The heart of the book dwells on the tender romance between Henry and Keiko. Similar to many other stories that have reached a greater height of poignancy because of the History surrounding it,  the tragedy of war makes the story more special. Jamie Ford has very realistically brought out Henry’s personality. As American as he is in terms of his progressive attitudes, he is a devout Chinese when it comes to his conventional grounding on duties and moral responsibilities. It is a spitting portrayal of most second generation immigrants, especially of Asians.

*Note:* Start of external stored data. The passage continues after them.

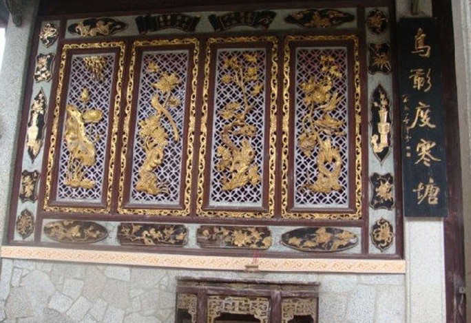 后廳。也就是大雄寶殿,系宮殿式建筑,精工雕飾,翹角飛檐,氣勢(shì)壯觀。脊頂嵌瓷“雙龍朝火寶”,是饒平縣老工藝師蔡佳余妙作。殿前走廊,置一長(zhǎng)方形香案。正殿與走廊間,有彩色雕欄,校址 有精美的窗扇。
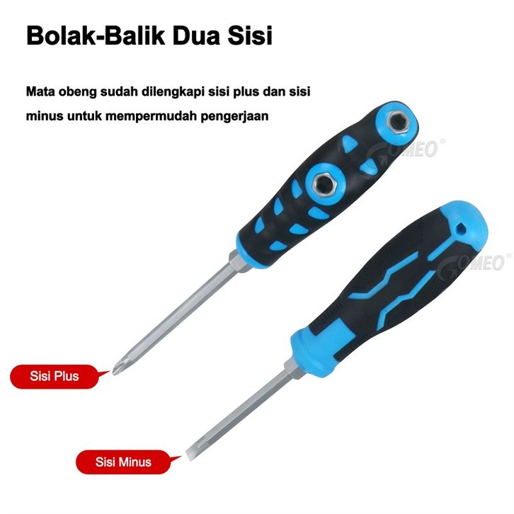 Obeng Bolak-Balik Tembus 3 Posisi GOMEO Ketok Plus Minus 2 Way Magnet Multifungsi Gagang Karet
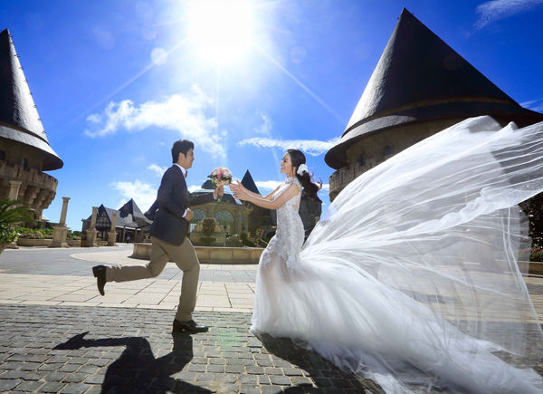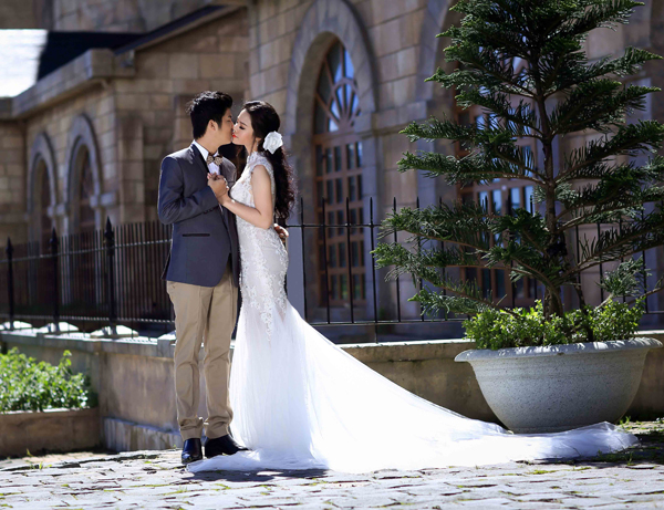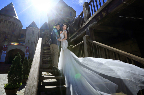 Đôi uyên ương cũng thực hiện một bộ ảnh cưới ngập tràn hạnh phúc tại khu du lịch Bà Nà Hills, Đà Nẵng. Ngoài ra cặp đôi còn đi tới nhiều tỉnh thành như Huế, Nha Trang và TP HCM để thực hiện nhiều bộ ảnh cưới, lưu giữ kỷ niệm tình yêu. |
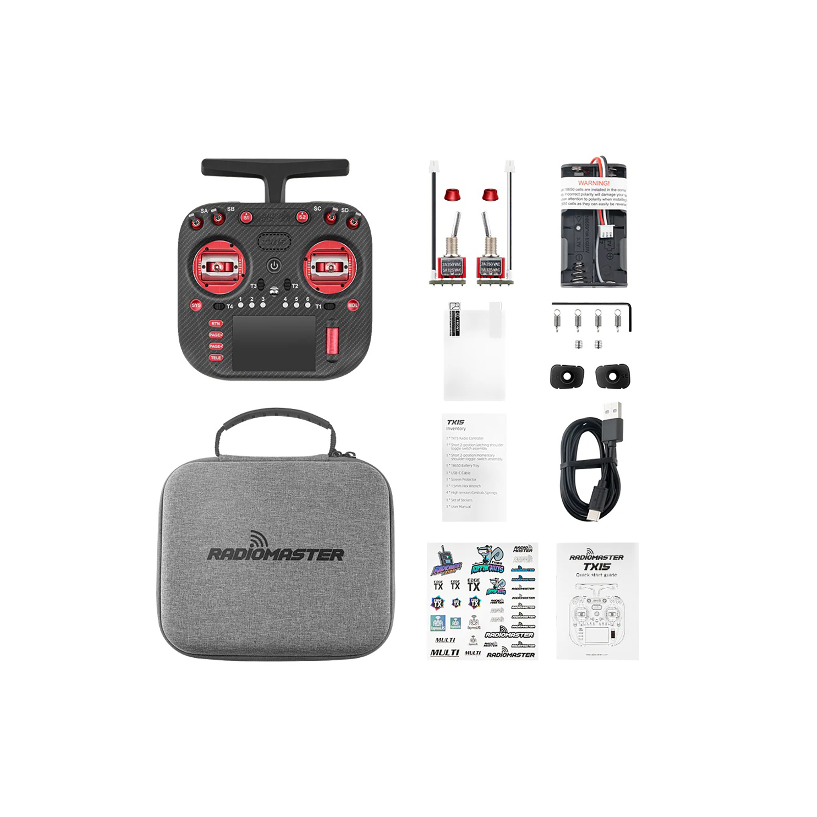 Enjoy sharp visuals on the 3.5-inch IPS touchscreen with 262k color resolution and 600 nits brightness, even in sunlight. The TX15 MAX boasts AG02 CNC aluminum gimbals in anodized red, black or gold, upgraded aluminum buttons, a scroll wheel, and a carbon-fiber-look case for a premium feel. Integrated RGB LED lights around the gimbals allow customizable LUA-controlled lighting. It includes advanced cooling, a USB-C charging port, SIM connectivity, firmware updates, and fast memory access for top-tier performance. We’ve included additional switches so you can swap out the shoulder buttons with either a momentary or two-position latching switch—perfect if you prefer a traditional switch over a button. Prefer the standard model? See the TX15 Standard.
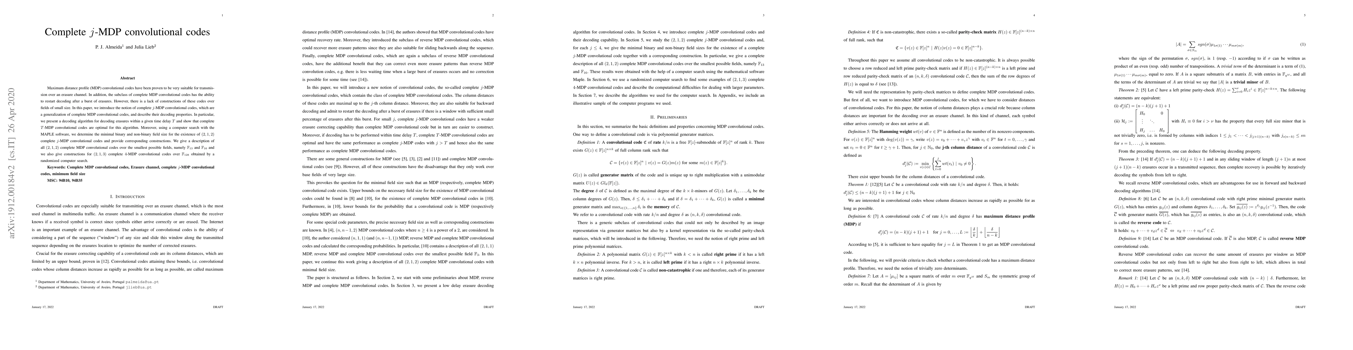 This paper introduces complete j-MDP convolutional codes, a generalization of complete MDP convolutional codes, and presents a decoding algorithm for handling erasures within a specified time delay. The study determines minimal field sizes for the existence of specific complete j-MDP convolutional codes and provides constructions for these codes over small fields.
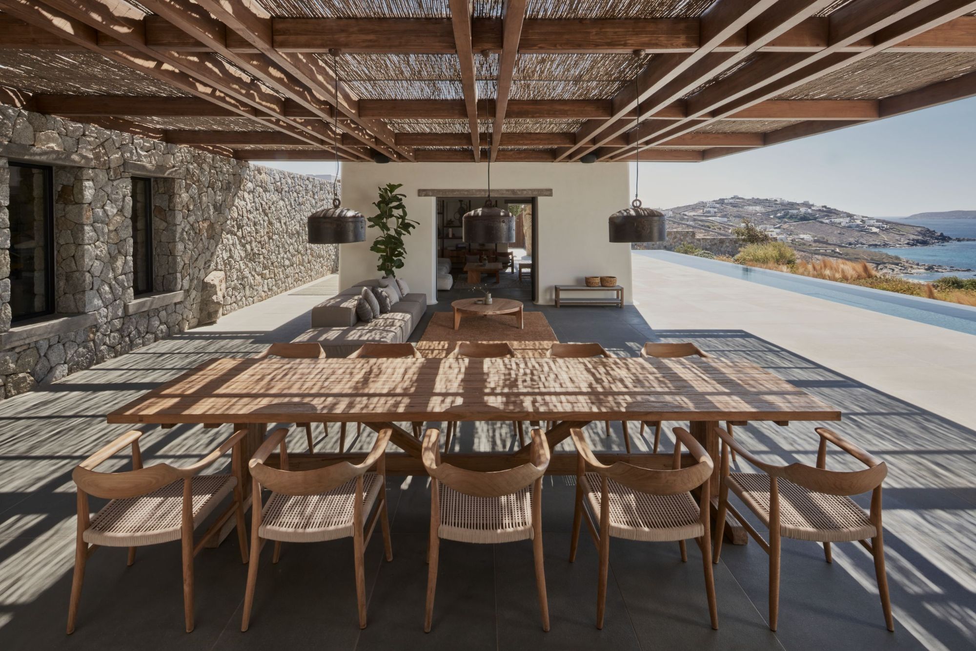 Αυτή η αυλή γίνεται το επίκεντρο του σπιτιού, που συνδέεται άψογα με το σαλόνι και την κουζίνα και βλέπει στην πισίνα και τους κήπους που εκτείνονται πέρα από αυτήν.
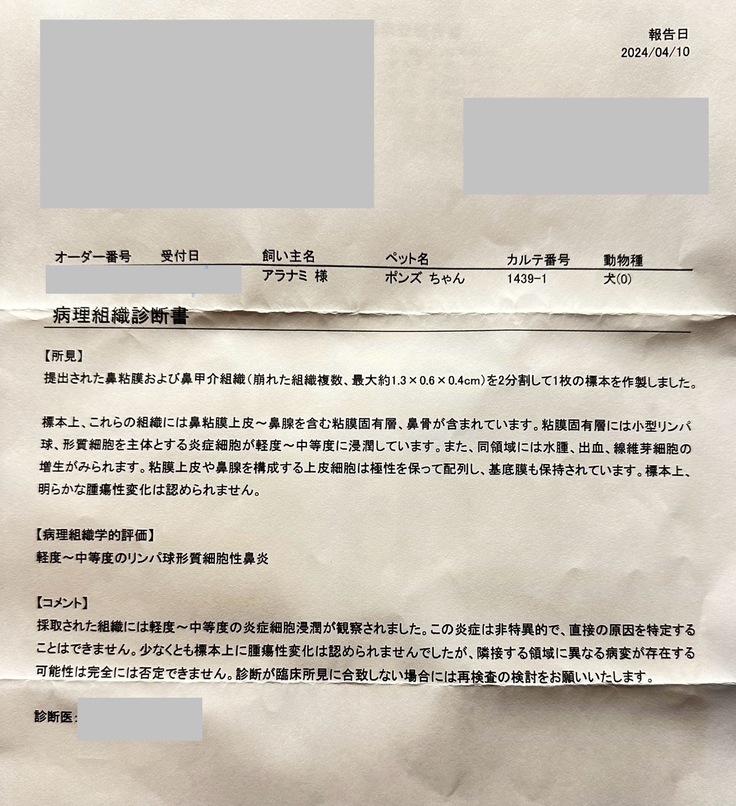 レーザーで鼻の中の軟骨を焼いた時に採った組織の病理検査結果が出ました。

Although I found some parts of the story to be a bit saccharine, I appreciated the overall pragmatism of the story. That’s how life is. But the pragmatism was balanced with the right amounts of sentimentality. And it always warms my heart to read about bonds that last despite the ravages of time and memories. Ford also depicts how distant most civilians are from wars and political turmoil. People are often put into buckets because of their race, and not for who they really are. It was stirring to read about the perplexed Japanese who were legal Americans with no ties to their country of origin, being forced to pay a hefty price for their ancestry.

Digested Thoughts: This is a very quiet, reflective read - reflective in terms of the History, and quiet in terms of the pace of the book, and the gentle romance. This is the kind of romance I like - old-fashioned and deep. Almost reminiscent of Pearl Buck’s The Hidden Flower, in terms of the feel of the book. The dewy and misty backdrop of Seattle adds to the tranquil, poignant feel!